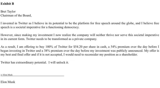在和 Twitter 董事长(同时也是 Salesforce CEO)Bret Taylor 的一通电话中,马斯克下达了自己的“最后通牒”:1)价格合适,股东会满意的;2)对 Twitter 现任管理层完全没有任何信心;3)这次是正经来收购的,不想跟董事会打太极拳;4)已经没有别的可选手段,最后才决定要收购;5)自己如果投资了一家公司,就一定要看到这家公司向好发展,然而以当时 Twitter 作为上市公司的身份呢是无法实现的,所以自己必须全面接管并且私有化退市。
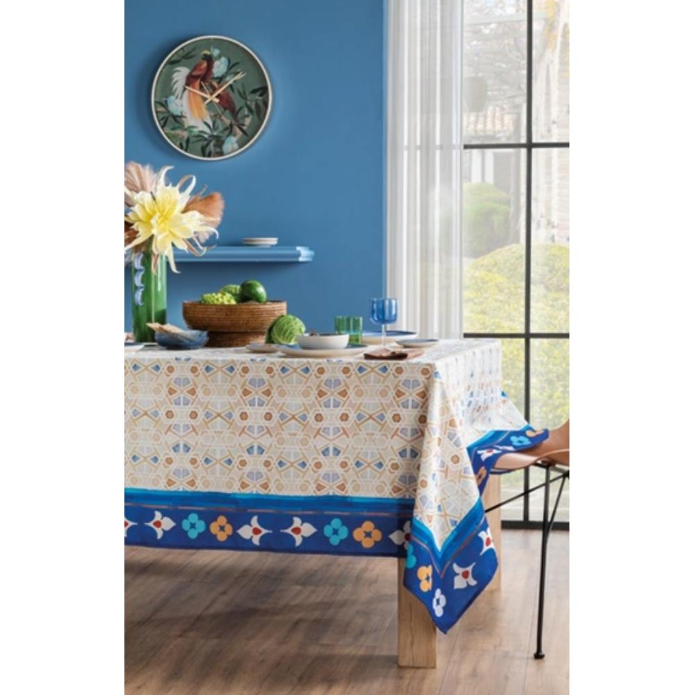 Tablecloths in stain-resistant and waterproof yarn: soft, nice to the touch, 100% made in Italy, to furnish interiors with style and functionality. With exclusive decorations, they are available for 4, 6, 8, 10 or 12 places or as 2-place runners and they can be combined with napkins of plain linen and cotton.
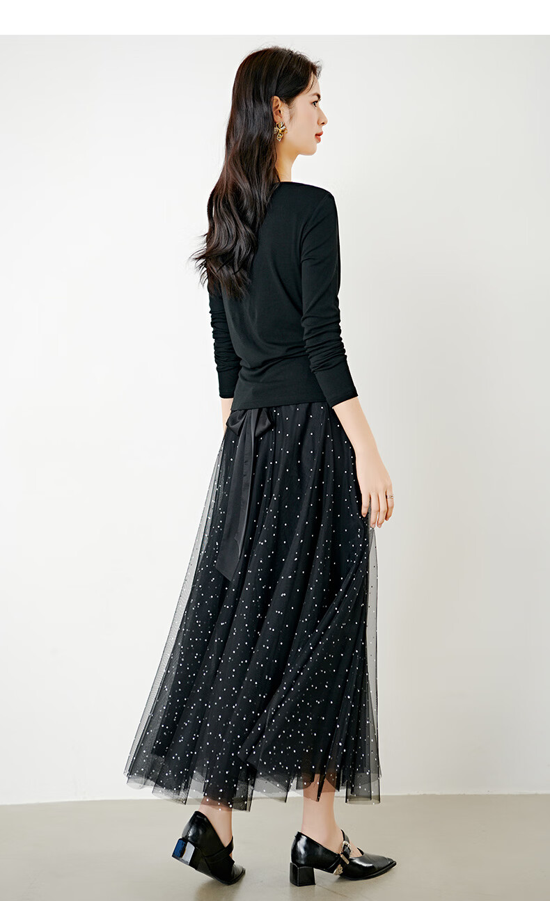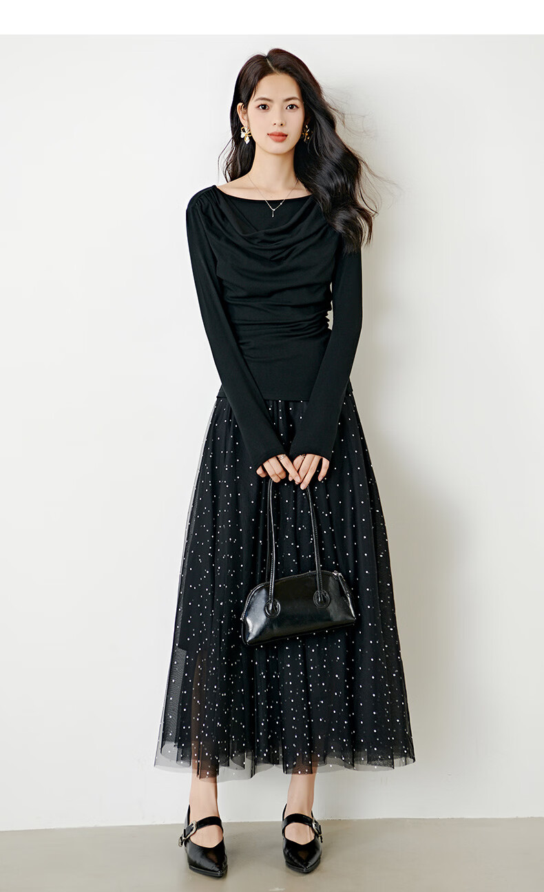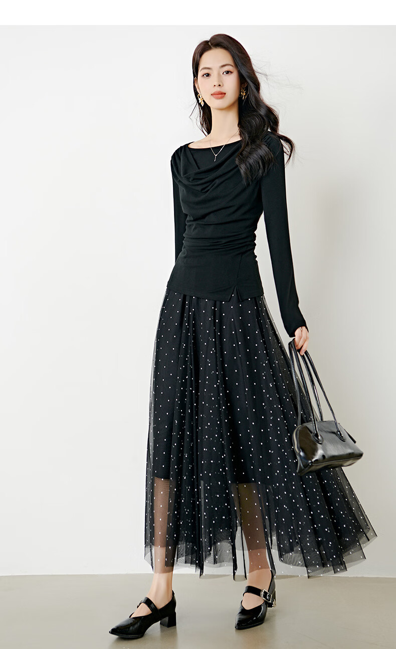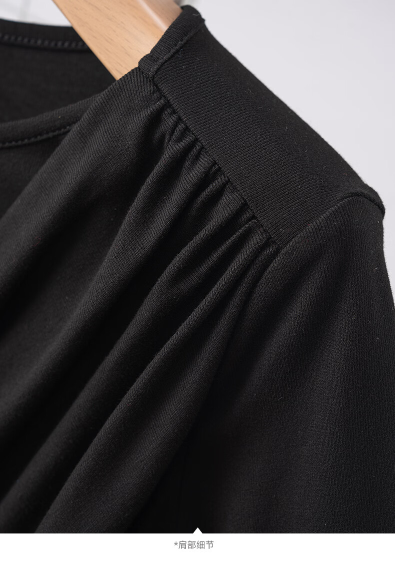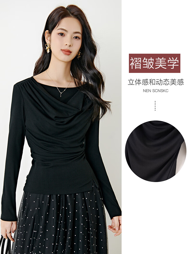 晚白【新品】2026年春款时尚堆堆领上衣亲肤柔软修身舒适T恤衫女 黑色 L
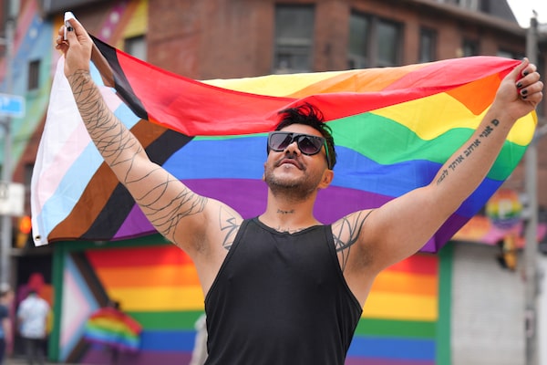 Zhya Aramiy, a newcomer to Canada originally from Kurdistan, Iraq, holds up a Pride flag in Toronto's Church-Wellesley district on June 26. Aramiy is just one of hundreds of LGBTQ+ newcomers to Canada who are celebrating their first Pride in Toronto this month.Chris Young/The Canadian Press
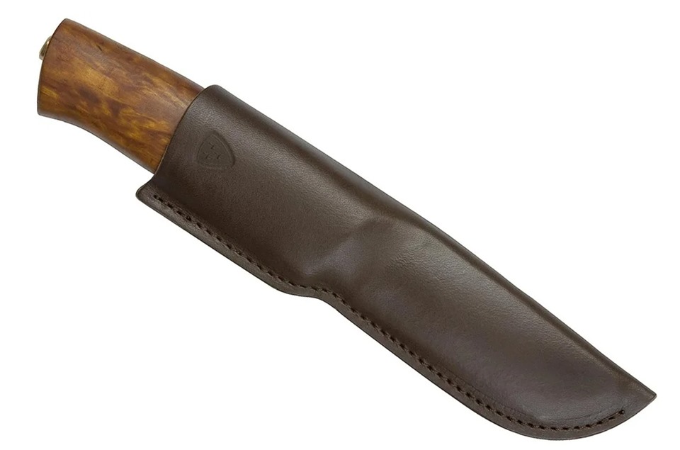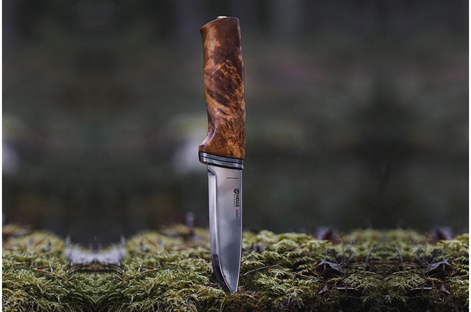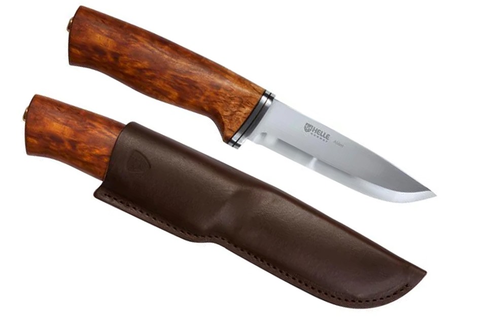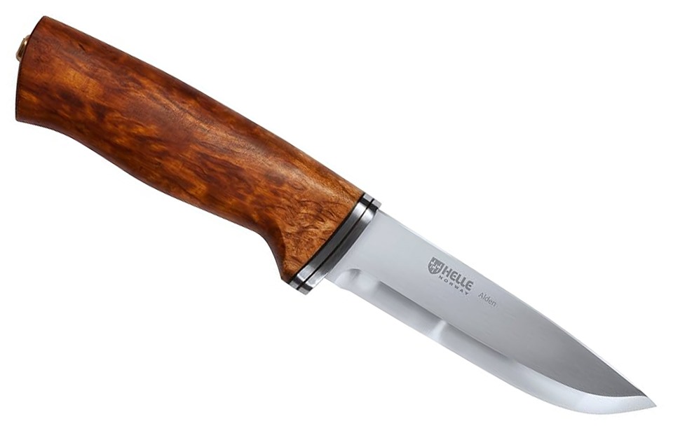 Introducing the "Alden" fixed hunter by Helle brand! This premium piece was designed in 2009 and named after a remote island near the coast of the Helle factory. It flaunts a triple laminated stainless steel blade, a smooth curly birch wood handle material, and includes a leather sheath. Stock is extremely limited! Get yours before it sells out!
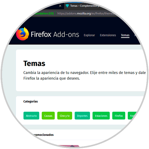 Si deseamos obtener nuevos temas, daremos clic sobre la línea “Obtener más temas” y será desplegada la ventana de complementos de Firefox Quantum donde podremos seleccionar temas por diversas categorías y aplicarlos al navegador:
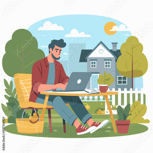 Šťastný pár ve VR brýlích s virtuální venkovní piknik, zatímco sedí v křeslech doma, ploché vektorové izolované ilustrace. Datum virtuální reality.
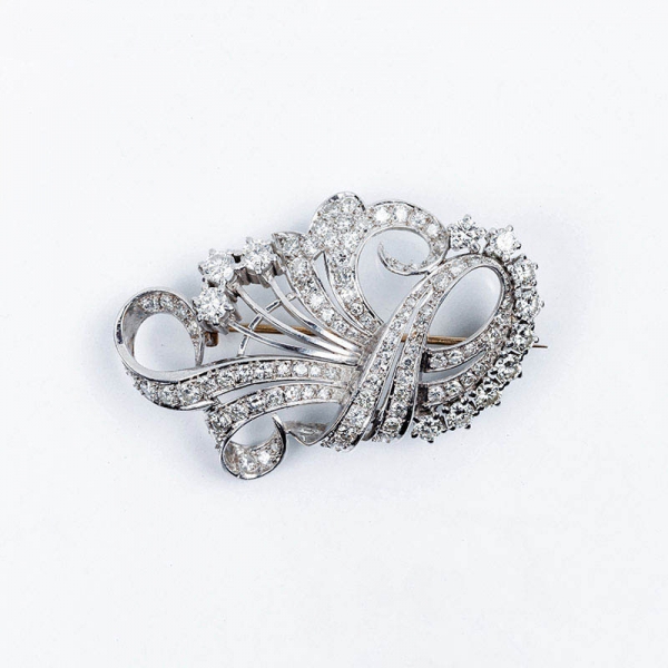 Elegante broche-alfiler vintage en oro blanco, con motivo de ramo vegetal en bandas onduladas con blancos diamantes, talla brillante, y tres centros con brillantes mayores, en garras.
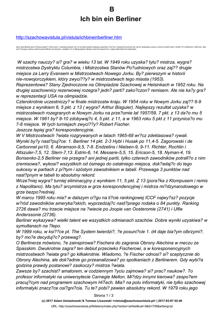 B Ich bin ein Berliner http://szachowavistula.pl/vistula/ichbineinberliner.htm Hans Jack Berliner jest w Polsce postaci? s?abo znan?, a szkoda poniewa? by? to nie tylko bardzo kreatywny szachista, s?yn?cy z niezwyk?ych pomys?ów, ale te? prawdziwy uczony z du?ymi osi?gni?ciami. Urodzi? si? w Berlinie w 1929 roku. Gdy mia? 8 lat jego rodzina uciek?a przed Hitlerem do Ameryki., osiedlaj?c si? w Waszyngtonie. Bardzo wcze?nie zauwa?ono u niego wielki talent do matematyki. W szachy nauczy? si? gra? w wieku 13 lat. W 1949 roku uzyska? tytu? mistrza, wygra? mistrzostwa Dystryktu Columbia, i Mistrzostwa Stanów Po?udniowych oraz zaj?? drugie miejsce za Larry Evansem w Mistrzostwach Nowego Jorku. By? pierwszym w historii nie-nowojorczykiem, który zwyci??y? w mistrzostwach tego miasta (1953). Reprezentowa? Stany Zjednoczone na Olimpiadzie Szachowej w Helsinkach w 1952 roku. Na drugiej szachownicy rezerwowej rozegra? jedn? parti? zako?czon? remisem. Ale nie ka?y gra? w reprezentacji USA na olimpiadzie. Czterokrotnie uczestniczy? w finale mistrzostw kraju. W 1954 roku w Nowym Jorku zaj?? 6-9 miejsce z wynikiem 6, 5 pkt. z 13 ( wygra? Arthur Bisguier). Najlepszy rezultat uzyska? w mistrzostwach rozegranych w Nowym Jorku na prze?omie lat 1957/59. 7 pkt. z 13 da?o mu 5 miejsce. W 1961 by? 8-10 zdobywaj?c 4, 5 pkt. z 11, a w 1963 roku 5 pkt z 11 przynios?o mu 7-8 miejsce. W tych turniejach zwyci??y? Robert Fischer. Jeszcze lepiej gra? korespondencyjnie. W V Mistrzostwach ?wiata rozgrywanych w latach 1965-68 wr?cz zdeklasowa? rywali. Wyniki by?y nast?puj?ce: 1. Berliner 14 pkt. 2-3 Hybl i Husak po 11,4-5. Zagorowski i de Carbonnel po10, 6. Abramson-9,5, 7-8. Endzelins i Nielsen-9, 9-11. Richter, Rochlin i Altszuler-7,5, 12. Stern-7,13. Estrin-6, 14. Messere-5,5, 15. Ericson-5, 18. Nyman-4, 19. Borisenko-2,5 Berliner nie przegra? ani jednej partii, tylko czterech zawodników potrafi?o z nim zremisowa?, wykosi? wszystkich od ósmego do ostatniego miejsca, dok?adaj?c do tego sukcesy w partiach z pi?tym i szóstym zawodnikiem w tabeli. Przewaga 3 punktów nad nast?pnym w tabeli to absolutny rekord. Wcze?niej wygra? turniej eliminacyjny z wynikiem 11, 5 pkt. Z 13 (pora?ka z Klompusem i remis z Napolitano). Ma tytu? arcymistrza w grze korespondencyjnej i mistrza mi?dzynarodowego w grze bezpo?redniej. W marcu 1995 roku mia? w dalszym ci?gu na li?cie rankingowej ICCF najwy?sz? pozycje w?ród zawodników ameryka?skich, wyprzedzaj?c nast?pnego rodaka o 84 punkty. Ranking 2726 dawa? mu trzecie miejsce na ?wiecie po Joopie van Oosteromie (2741) i Ulfie Anderssonie (2736). Berliner wykazywa? wielki talent we wszystkich odmianach szachów. Dobre wyniki uzyskiwa? w symultanach na ?lepo. W 1999 roku, w ksi??ce pt. The System twierdzi?, ?e posuni?cie 1. d4 daje bia?ym olbrzymi?, by? mo?e decyduj?c? przewag?. O Berlinerze mówiono, ?e zainspirowa? Fischera do zagrania Obrony Alechina w meczu ze Spasskim. Dwukrotnie zagra? ten debiut przeciwko Fischerowi, a w koresponencyjnych mistrzostwach ?wiata gra? go kilkakrotnie. Wiadomo, ?e Fischer odnosi? si? sceptycznie do Obrony Alechina, ale dok?adnie go przeanalizowa? po spotkaniach z Berlinerem. Gdy wybi?a godzina prawdy postanowi? zaskoczy? mistrza ?wiata. Zawsze by? szachist? amatorem, w codziennym ?yciu zajmowa? si? prac? naukow?. To profesor informatyki na uniwersytecie Carnegie Mellon. Mi?dzy innymi kierowa? zespo?em pracuj?cym nad programem szachowym HiTech. Mia? na polu informatyki, nie tylko szachowej informatyki znacz?ce osi?gni?cia. Tu te? pobi? pewien absolutny rekord. W 1979 roku jego Strona 1 / 3 (c) 2017 Adam Umiastowski & Tomasz Lissowski <[email protected]> | 2017-03-07 02:40 URL: http://szachowavistula.pl/felietony/index.php?action=artikel&cat=3&id=709&artlang=pl B program BKG 9.8 by wystarczaj?co silny aby rozegra? mecz z aktualnym wówczas mistrzem ?wiata w backgammona (tryktraka) Luigi Vill?.. Komputer wygra? 7-1. To by?o pierwsze zwyci?stwo komputera z mistrzem ?wiata w jakiejkolwiek grze. Napisa? ten program przy okazji, rozwi?zuj?c problemy, które wyst?pi?y w pracach nad programem szachowym. Hans Berliner Obejrzyjmy teraz kilka ciekawych, cho? nie bezb??dnych partii ameryka?skiego szachisty z turnieju, w którym odniós? ?yciowy sukces. Obrona Grunfelda D65a Berliner-Messere 1.d4 Sf6 2. c4 g6 3. Sc3 d5 4. cd S:d5 5. e4 S:c3 6.bc Gg7 7. Gc4 0-0 8. Se2 b6 9. h4!e5?! 10. h5 ed 11. hg hg 12. cd He7 13. Hd3 We8 14. Gh6!Sc6 15. G:g7 k:g7 16. Hd2! He4 17. 0-0-0! He7 18. Hh6+ Kf6 19. Wd3! S:d4 21. W:d4 G:e2 22. Wf4+ 1-0 Obrona Grunfelda D65b Berliner-Hybl 1.d4 Sf6 2. c4 g6 3. Sc3 d5 4. cd S:d5 5. e4 S:c3 6.bc Gg7 7. Gc4 0-0 8. h4!? (TN-Berliner) 8...c5 9. Se2 cd 10. cd Sc6 11. Ge3 Sa5 12. Gd3 Sc6 13. e5 Ha5+ 14.Kf1 Wd8 15. h5 Ge6 16. hg hg 17. Wh4 Wd7 18. Hb1 S:e5 19. de Wad8! 20. Sd4!H:e5 21. Hc2 W:d4 22.W:d4 W:d4 23. G:d4 H:d4 24. Wd1 Hh4 0,5-0,5 Obrona Grunfelda D65b Berliner-Husak Strona 2 / 3 (c) 2017 Adam Umiastowski & Tomasz Lissowski <[email protected]> | 2017-03-07 02:40 URL: http://szachowavistula.pl/felietony/index.php?action=artikel&cat=3&id=709&artlang=pl B 1.d4 Sf6 2. c4 g6 3. Sc3 d5 4. cd S:d5 5. e4 S:c3 6.bc Gg7 7. Gc4 0-0 8. h4!? (TN-Berliner) 8...c5 9. Se2 cd 10. cd Sc6 11. Ge3 Sa5 12. Gd5?Hd6 13. h5 Ge6 14. hg hg 15. G:e6 H:e6 16. f3 Sc4 (16....Wfd8! lepsza czarnych) 17. Gh6 G:h6 18. W:h6 Kg7 19. Hc1 Ha6! 20. Kf2 Wh8 21. W:h8 W:h8 22. Wc1 b5 22. Hc3 Wc8 23. Wc1 b5 24. d5+ f6 25. Hd4 Ha3 26. Wh1 Se5 27. He3 H:e3 28. K:e3 Wc2 29. Sd4 Sc4+ 30. Kd3 W:g2 31. S:b5 Se5+ 32. Ke3 W:a2 33. Wc1 f5 0,5-0,5 Pawe? Kruza i Adam Umiastowski Unikalny ID rozwi?zania: #1708 Autor: : polbase Data ostatniej aktualizacji: 2015-12-11 12:27 Strona 3 / 3 (c) 2017 Adam Umiastowski & Tomasz Lissowski <[email protected]> | 2017-03-07 02:40 URL: http://szachowavistula.pl/felietony/index.php?action=artikel&cat=3&id=709&artlang=pl Powered by TCPDF (www.tcpdf.org)

------------------------------

- Exercise requirements -
What are the lines in the records above, word for word, from the one containing "Si deseamos obtener" through the one containing "Elegante broche-alfiler vintage", both ends included and pictures left out?

- Result of this task -
 Si deseamos obtener nuevos temas, daremos clic sobre la línea “Obtener más temas” y será desplegada la ventana de complementos de Firefox Quantum donde podremos seleccionar temas por diversas categorías y aplicarlos al navegador:
 Šťastný pár ve VR brýlích s virtuální venkovní piknik, zatímco sedí v křeslech doma, ploché vektorové izolované ilustrace. Datum virtuální reality.
 Elegante broche-alfiler vintage en oro blanco, con motivo de ramo vegetal en bandas onduladas con blancos diamantes, talla brillante, y tres centros con brillantes mayores, en garras.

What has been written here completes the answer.